Each of Russel’s business segments generated sizable improvements in operating profit as compared to the same period a year ago and against the prior quarter. The company reported record operating profits and return on net assets for its metals service centers segment by maximizing margin opportunities due to a favorable market environment.
Russel’s steel distributors segment benefited from improved demand, higher steel prices and low inventories in the supply chain, and reported strong growth in both revenues and operating profit. Seasonality and a recovery of oil and natural gas prices helped to improve operating profits for the company’s energy products segment.

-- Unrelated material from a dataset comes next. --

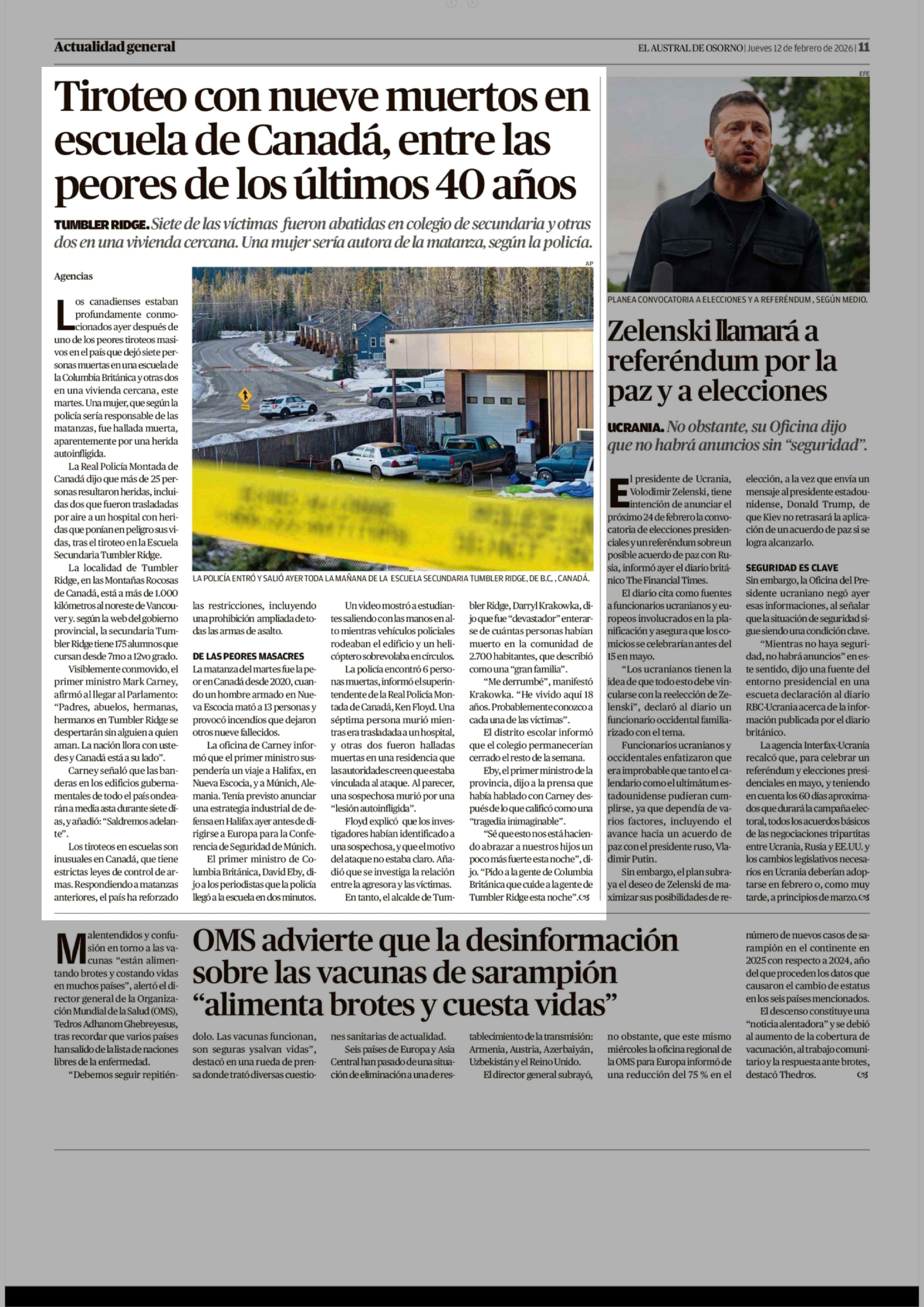 Tiroteo con nueve muertos en escuela de Canadá, entre las peores de los últimos 40 años 12-02-2026 El Austral de Osorno |

“Our mill partners have been able to deliver on what we’ve historically purchased and a bit more,” said John Reid, Russel Metals’ president and CEO. “As you look ahead into Q3 and Q4, several mill outages are planned, so we think this will continue to restrict the supplies that are coming in. Imports are coming in to give some relief, but that should wane in the coming months, and I expect we will see a restricted supply chain for the balance of Q3 and into Q4.”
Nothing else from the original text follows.